Patient Perspectives on AI: Comparing Large Language Model and Physician-Generated Responses to Cervical Spine Surgery Questions

Friday, February 21, 2025

Presenting Author(s)

Ezra Yoseph

Medical Student
Stanford University

Introduction: Anterior cervical discectomy and fusion (ACDF) surgery is a common intervention for patients with cervical spine pathologies. The complexity of ACDF surgery and varied quality of online health information pose a challenge for patients attempting to understand the surgery and its outcomes through virtual resources. In this study, we sought to elucidate differences in patient perspectives on Large Language Model (LLM) versus physician-generated responses to frequently asked questions about ACDF surgery.

Methods: This cross-sectional study involved three phases. Phase 1 entailed composing 10 commonly asked questions regarding ACDF surgery with the assistance of ChatGPT-3.5, ChatGPT-4.0, and Google search. Phase 2 involved collecting responses to the questions from two spine surgeons and then prompting ChatGPT-3.5 and Gemini to answer the same 10 questions. Phase 3 involved recruiting cervical spine surgery patients (n=5) and age-matched controls (n=5) to evaluate the responses provided by both surgeons and two LLM platforms on clarity and completeness.

Results: LLM-generated responses were significantly shorter, on average, than physician-generated responses (30.0 +/- 23.5 vs. 153.7 +/- 86.7 words, P < 0.001). Study participants were more likely to rate LLM-generated responses with more positive clarity ratings (H = 6.25, P = 0.012), with no significant difference in completeness ratings (H = 0.695, P = 0.404). On an individual question basis, there were no significant differences in ratings given to LLM vs. physician-generated responses. Compared with age-matched controls, cervical spine surgery patients were more likely to rate physician-generated responses as higher in clarity (H = 6.42, P = 0.011) and completeness (H = 7.65, P = 0.006).

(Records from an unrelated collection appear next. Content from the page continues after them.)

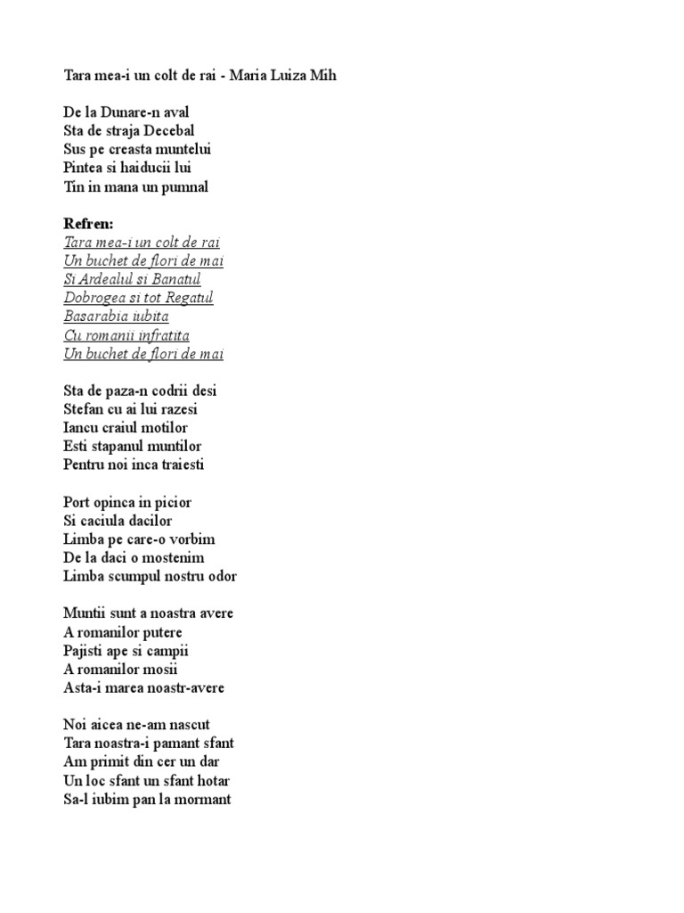 Tara mea i un colt de rai maria luiza mih. țara mea i un colț de rai de la dunăre n aval stă de strajă decebal sus pe creasta muntelui pintea și haiducii lui țin în mână un pumnal refren. Sta de paza n codrii desi. Tara mea i un colt de rai un buchet de flori de mai si ardealul si banatul dobrogea si tot regatul basarabia iubita cu romanii infratita un buchet de flori de mai.
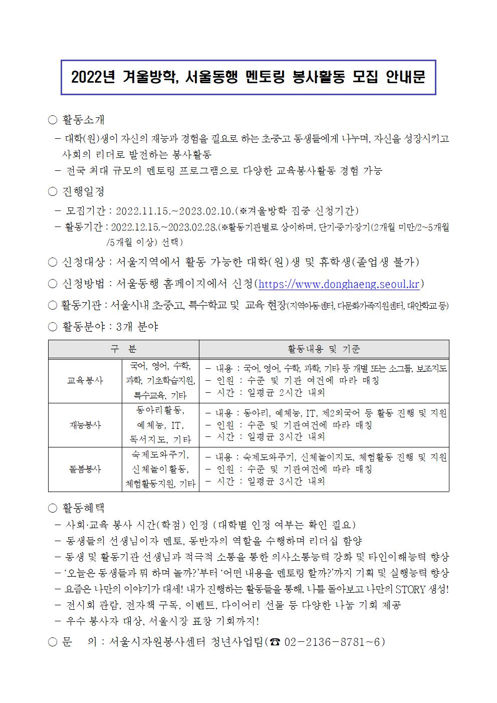 - [교육봉사] 2022년 겨울방학 중 서울동행 대학(원)생 멘토링 봉사활동 참여홍보
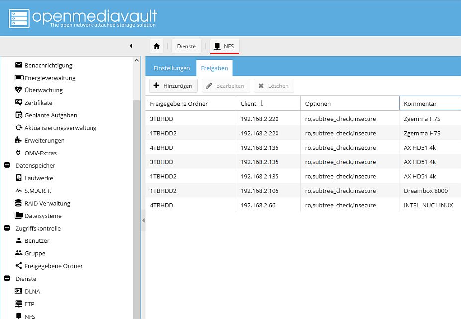 Per Netzwerkbrowser gefunden und eingehängt und freigegeben - ist in der Mount Übersicht auch zu sehen
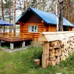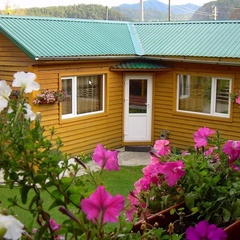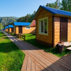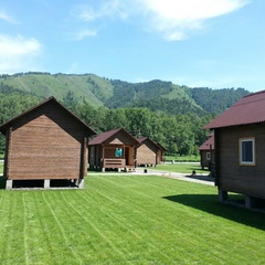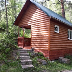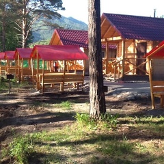 База начала работу в 2014 году. Расположена в очень живописном месте на берегу красавицы Катуни. Туристам для проживания предлагаются уютные домики из бруса со всеми удобствами, с телевизором.
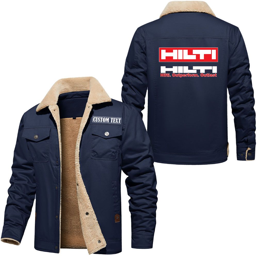 Hilti Logo Custom Name Cargo Fleece Lined Cotton Jacket Stylish Warm Personalized Outerwear
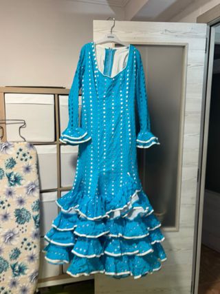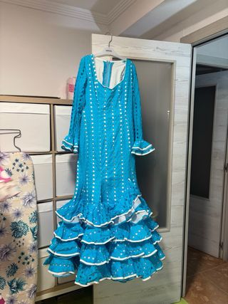 Vestido de flamenca con un diseño alegre y vibrante. - Estampado de lunares blancos sobre fondo azul. - Adornos de volantes en cascada en la falda. - Mangas largas con volantes. - Detalles de pasamanería roja en cintura y mangas.
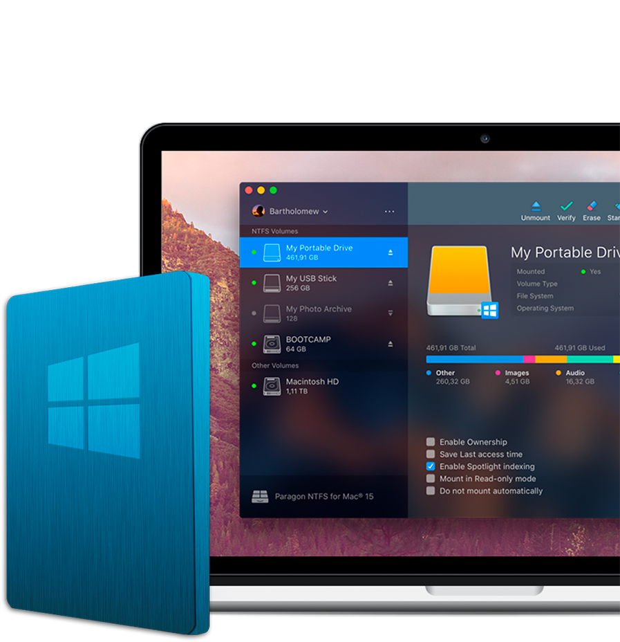 Easily convert the file system on the external storage device to NTFS and use it on Windows PC or convert your desired NTFS volumes to HFS+ volumes, and easily access the data from a Mac.
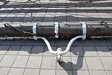 Кріплення нижніх рей зазвичай постійне і виконується за допомогою бо́ргів — коротких ланцюгів з гаками, закріплених на топах щогл: рея підіймається на гарделі і підвішується прикріпленим посередині стропом за гак. На невеликих суднах борг може бути залізним (у вигляді бугеля) чи тросовим[4]: строп реї підвішується до топа на тросі. Вищі реї підіймаються снастями рухомого такелажу: марса-реї — за допомогою марса-фалів (драйрепів), брам-реї, бом-брам-реї — за допомогою брам-горденів і бом-брам-горденів. До щогли середина реї фіксується за допомогою бейфута — кріплення, що утримує рею на певній відстані від щогли і разом з тим уможливлює її нахил у сторони і поворот. У нижніх рей використовуються залізні бейфути з вертлюгами; товстого обшитого шкірою або спорядженого кульками троса, яким 2-3 рази обвивається щогла, а кінці кріпляться до реї. Колись вживані з нижніх реях тросові бейфути споряджалися бейфут-талями, що міцно стягали їх на щоглі[5], ходові кінці яких спускалися до палуби. Тросові бейфути нижніх рей можна було віддавати і витягати, бейфути марса-рей переважно закріпляються наглухо, бейфути вищих рей є знімними[6]. Легкі реї найвищих вітрил підіймаються на ракс-бугелях — кільцях з гаками, що пересуваються по брам-стеньгах[7].
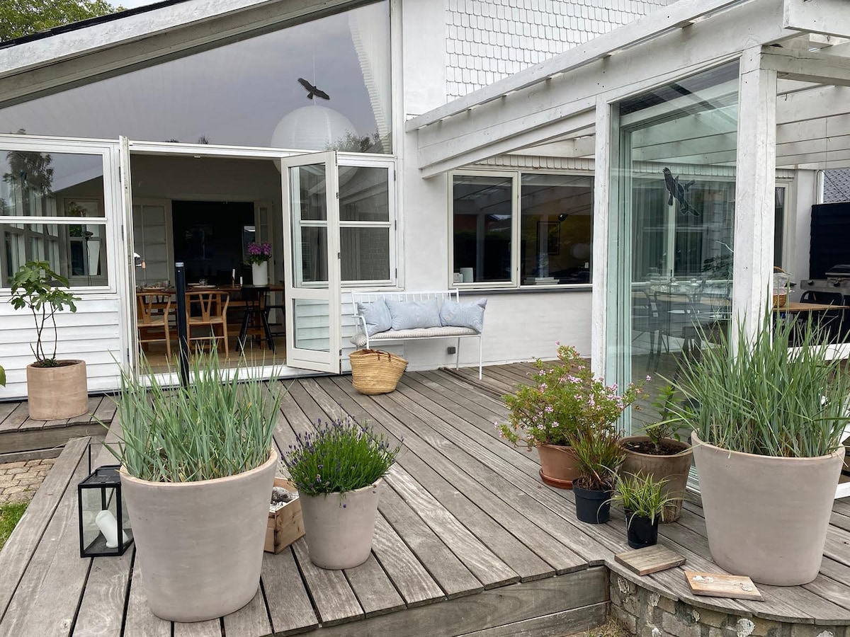 Med gott om utrymme i hela, erbjuder detta vackra och mycket "hyggeligt" sommarhus fem sovrum, inklusive ett separat gästhus med ett komplett badrum. Det är ett relativt nytt hem med elegant vintage charm, som ligger bara en kort promenad eller cykeltur från stranden och centrum av Hornbæk. Ytterligare höjdpunkter inkluderar en nybyggd bastu med en utomhusdusch.
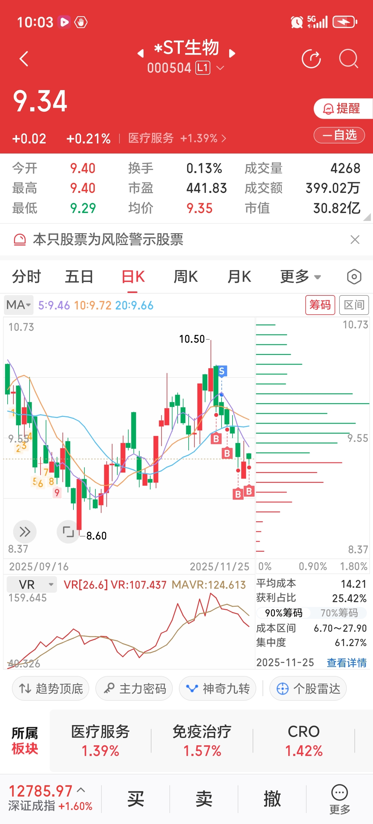 $*ST生物(SZ000504)$ 目标价买到破9全仓
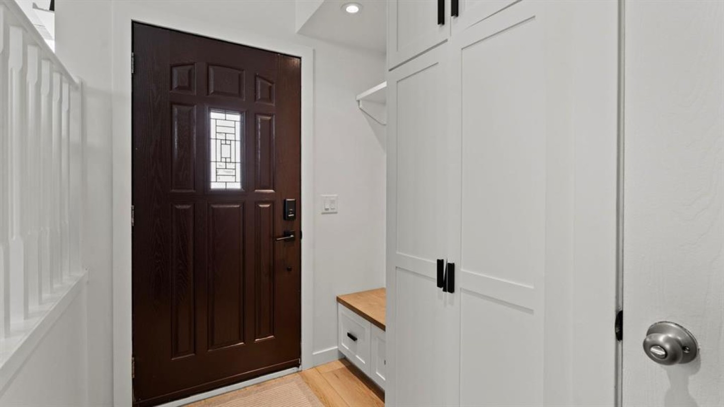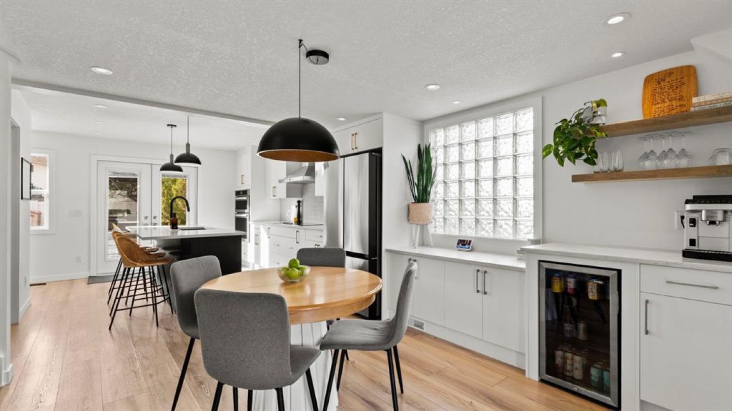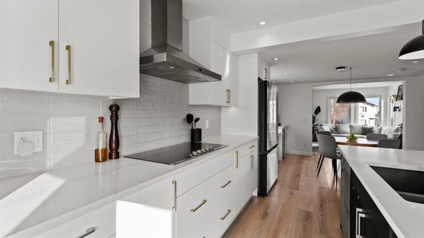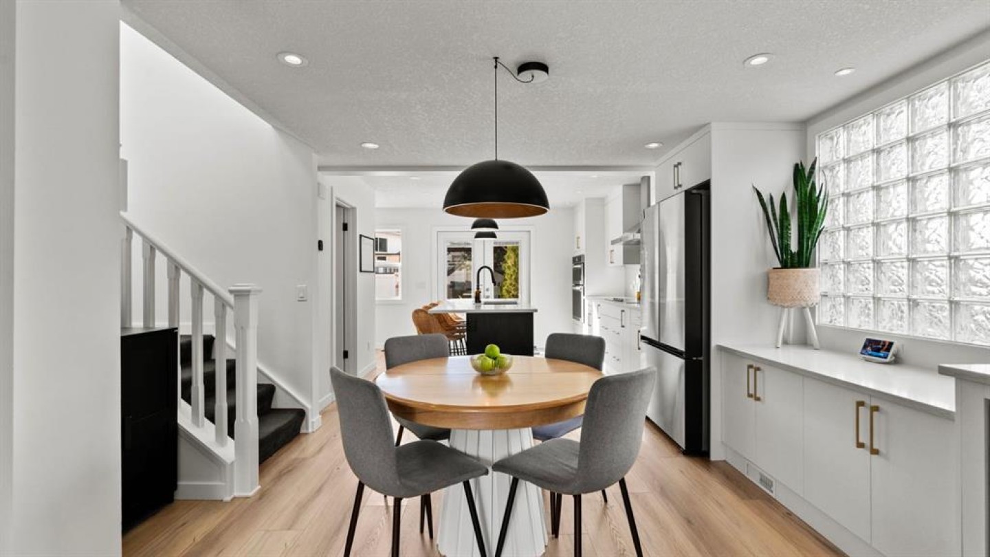 The main floor has been fully renovated and showcases a bright, modern open-concept layout ideal for both everyday living and entertaining. Wide-plank flooring, recessed lighting, and large windows create a warm and welcoming atmosphere throughout. The living room flows seamlessly into the stunning kitchen, where crisp white cabinetry, quartz countertops, contrasting dark accents, and a large centre island with seating take centre stage. High-end stainless steel appliances include a gas cooktop, built-in wall ovens, and a statement range hood, while stylish pendant lighting and a sleek tile backsplash complete the space. The adjacent dining area offers direct access to the west-facing backyard, perfect for enjoying afternoon sun and evening sunsets. A convenient powder room completes the main level.
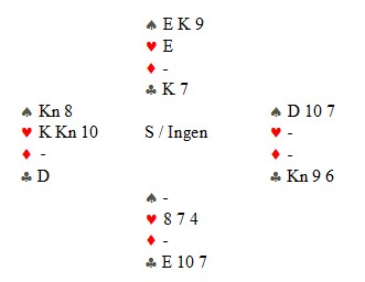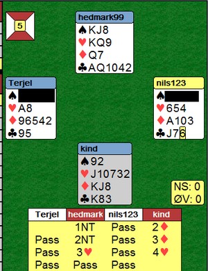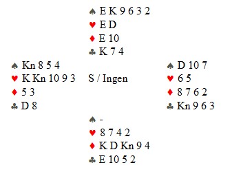 Det var mange morsomme spill denne kvelden, med gode spille- og meldepoenger. En hånd som voldte problemer for samtlige vest-spillere i lokalet var følgende:
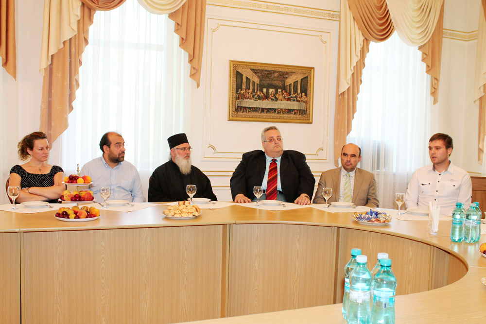 Утром, 9 июля 2013 года, в конференц-зале Епархиального управления Кишиневско-Молдавской Митрополии состоялась встреча Предстоятеля Православной Церкви Молдовы с группой греческих студентов Богословского факультета Фессалоникского Университета им. Аристотеля, которых сопровождал профессор Василиос Кукусас.
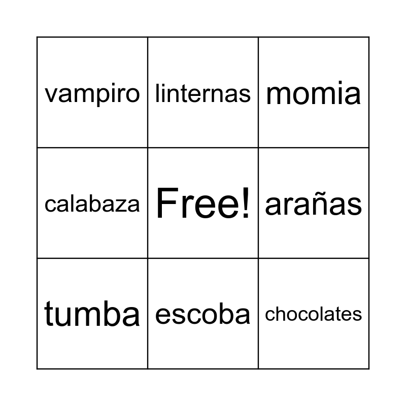 This bingo card has a free space and 11 words: murciélagos, escoba, chocolates, tumba, linternas, momia, calabaza, espantapájaros, arañas, vampiro and bruja.
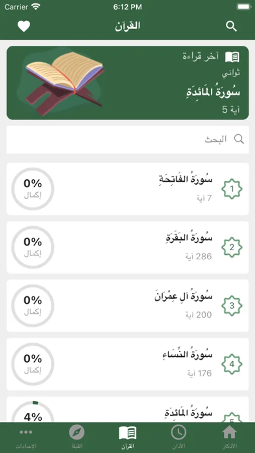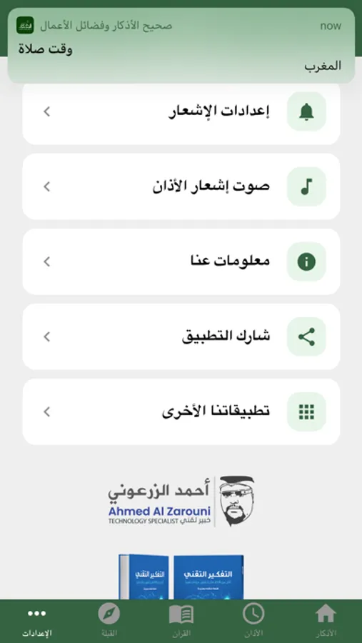 The application, after the eighth update, includes the correct Azkar, prayer times, the direction of the qiblah, and the simplified Qur’an for reading, which includes the simplified interpretation of Saadi, as well as English translation and parsing.
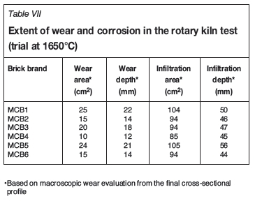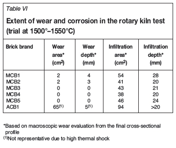 All brick samples tested showed cracks caused by thermal shock during kiln operation. In the magnesia-chromite brick brands, either minimal or no wear was visible (Table VI). The greatest infiltration depth was identified in MCB1. The high wear observed for the alumina-chromia brick ACB1 can be explained by crack formation caused by thermal shock from the initial testing and subsequent loss of refractory
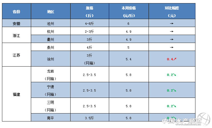 3.近期,華南草魚行情相對較好,珠三角大草魚行情繼續(xù)走高,廣西也有部分地區(qū)出現(xiàn)上漲。本周中山部分地區(qū)5斤草魚上漲0.6元/斤,最新報價6.8-7元/斤;肇慶統(tǒng)鯇漲了0.2元/斤,最高賣到4.5元/斤;廣西桂林地區(qū)草魚價格出現(xiàn)上漲,2斤草魚塘頭賣到5.5元/斤。不過,華中地區(qū)草魚整體行情不好,魚不好賣,整體價格繼續(xù)有下滑趨勢。最近,福建魚車普遍到江西拉魚,本地賣魚壓力增大,本周福建地區(qū)草魚價格出現(xiàn)下滑,目前3斤草魚整體報價在5.5-5.8元/斤。
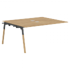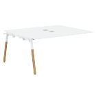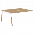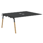 Столешницы ЛДСП т.18мм. c кромкой ABS т.2.мм, каждая комплектуется квадратной заглушкой кабель-канала по центру и каждая 2-мя траверсами. Между столешницами зазор 6мм для установки настольных Экранов. Столешницы комплектуюца Промежуточной опорой комбинированной А-образной формы, верхняя часть из профиля трубы 40х40мм и нижняя часть из массива бука; отделка – масло-воск. Промежуточная опора с регулировкой внизу.
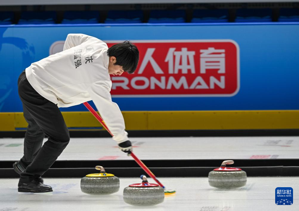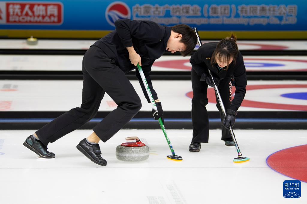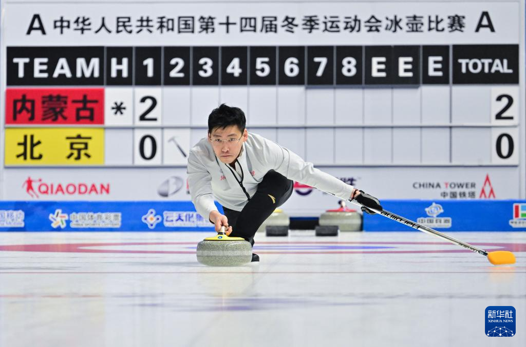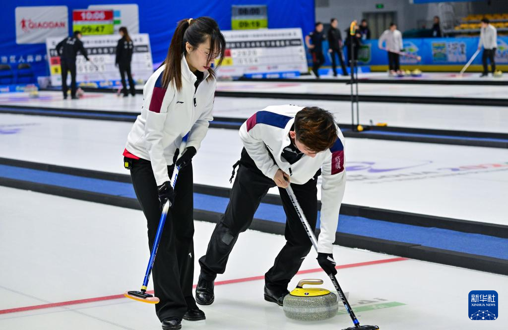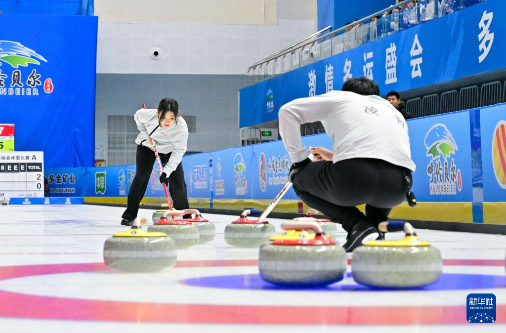 当日,第十四届全国冬季运动会冰壶项目公开组混合双人循环赛第四轮比赛在呼伦贝尔市内蒙古冰上运动训练中心举行。
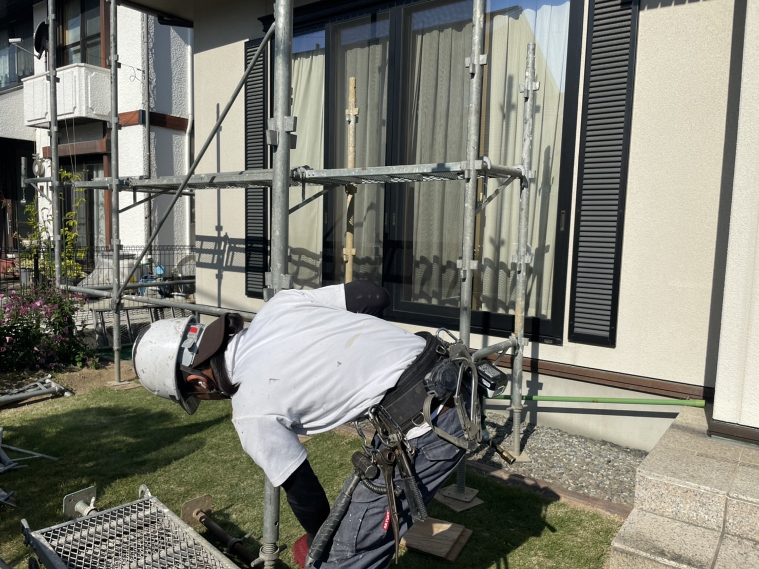 皆さんこんにちわ!山田塗装店のピーちゃんです!!本日は、I様邸にお邪魔しております(^^)/当店の職人が足場を架けて、ようやく工事が始まっていきます!!工事終了が待ち遠しいピヨ~♪
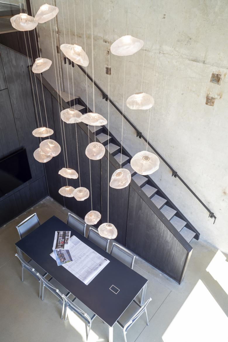 • Artemide Nur Acoustic light over center table in kitchen

Conclusion : Although a small sample size, our findings indicate that LLMs offer comparable, and occasionally preferred, information in terms of clarity and comprehensiveness of responses to common ACDF surgery questions. It is particularly striking that ratings were similar considering LLM-generated responses were, on average, 80% shorter than physician responses. Further studies are needed to determine how LLMs can be integrated into spine surgery education moving forward.